Italien: Die RAI hat am 31. Dezember 2011 ihre noch verbliebenen Programmangebote für das Ausland eingestellt. Beim Hörfunk betrifft dies das erstmals 1952 ausgestrahlte Nachtprogramm Notturno Italiano. Seit im Jahre 2002 am Senderstandort Santa Palomba bei Rom ein Betriebsverbot gegen die 1200 kW starke Mittelwelle 846 kHz verhängt wurde, lief es über die Frequenzen Neapel 657 kHz, Mailand 900 kHz und die Romer Stadtfrequenz 1107 kHz. Zumindest vorerst bleiben diese Sender auch weiterhin die Nacht hindurch eingeschaltet. Sie übertragen dabei jetzt Radiouno, das bislang zwischen 0.00-6.00 Uhr Ortszeit nur auf UKW ausgestrahlt wurde.
Notturno Italiano enthielt bis zuletzt Nachrichten in englischer und französischer Sprache. Sie waren ein letzter Rest des Auslandshörfunks der RAI, der 2007 entfiel, nachdem die damalige italienische Regierung ihn nicht mehr weiter finanzierte. Bis dahin wurde für Notturno Italiano auch einer der Kurzwellensender in Prato Smeraldo bei Rom auf 6060 kHz eingeschaltet. Die Übertragung in der Nacht zum 1. Oktober 2007 bis 6.00 Uhr dürfte die letzte Ausstrahlung dieser Anlage überhaupt gewesen sein. Gleichzeitig entfielen in Notturno Italiano die bis dahin dort ebenfalls angebotenen Nachrichten auf Deutsch. (Kai Ludwig 15.1.2012 RBB)
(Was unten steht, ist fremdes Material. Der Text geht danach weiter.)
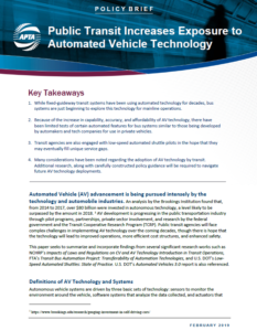 Automated Vehicle (AV) advancement is being pursued intensely by the technology and automobile industries. AV development is progressing in the public transportation industry through pilot programs, partnerships, private sector involvement, and research by the federal government and the Transit Cooperative Research Program (TCRP). Public transit agencies will face complex challenges in implementing AV technology over the coming decades, though there is hope that it will lead to improved operations, more efficient cost structures, and enhanced safety.
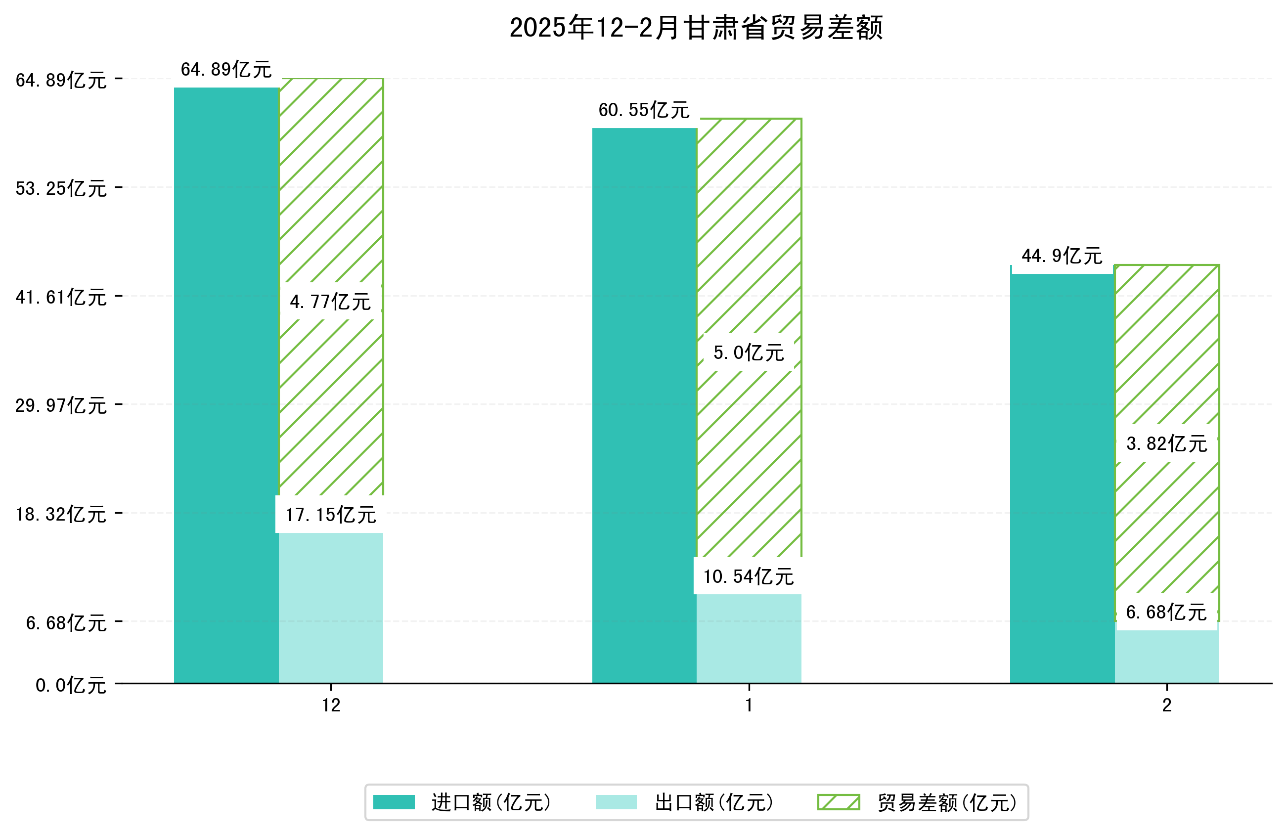 2025年2月甘肃省进出口总额及进出口差额统计分析

Luxemburg: Seit Dezember 2011 ist die luxemburgische Mittelwelle 1440 kHz auch tagsüber in Betrieb, nachdem der Sender bislang 09.00-18.00 Uhr Ortszeit abgeschaltet war. Ausgestrahlt wird das in Luxemburg produzierte RTL-Radio, das zuletzt nur noch in geringem Umfang als Mantel für die Sendungen verschiedener Missionswerke fungierte, die schon seit Jahrzehnten morgens und am frühen Abend auf 1440 kHz laufen.
Eine Zeitlang strebte RTL eine digitale Nutzung der Frequenz an und nahm hierfür 2004 eine neue Senderanlage in Betrieb. Die entsprechenden Ausstrahlungen wurden jedoch Anfang 2011 wieder eingestellt. Alle Übertragungen von RTL-Radio, den Missionswerken, von China Radio International sowie vom Korean Broadcasting System laufen seitdem wieder in klassischer analoger Form. (Kai Ludwig 12.1.2012 DXLD)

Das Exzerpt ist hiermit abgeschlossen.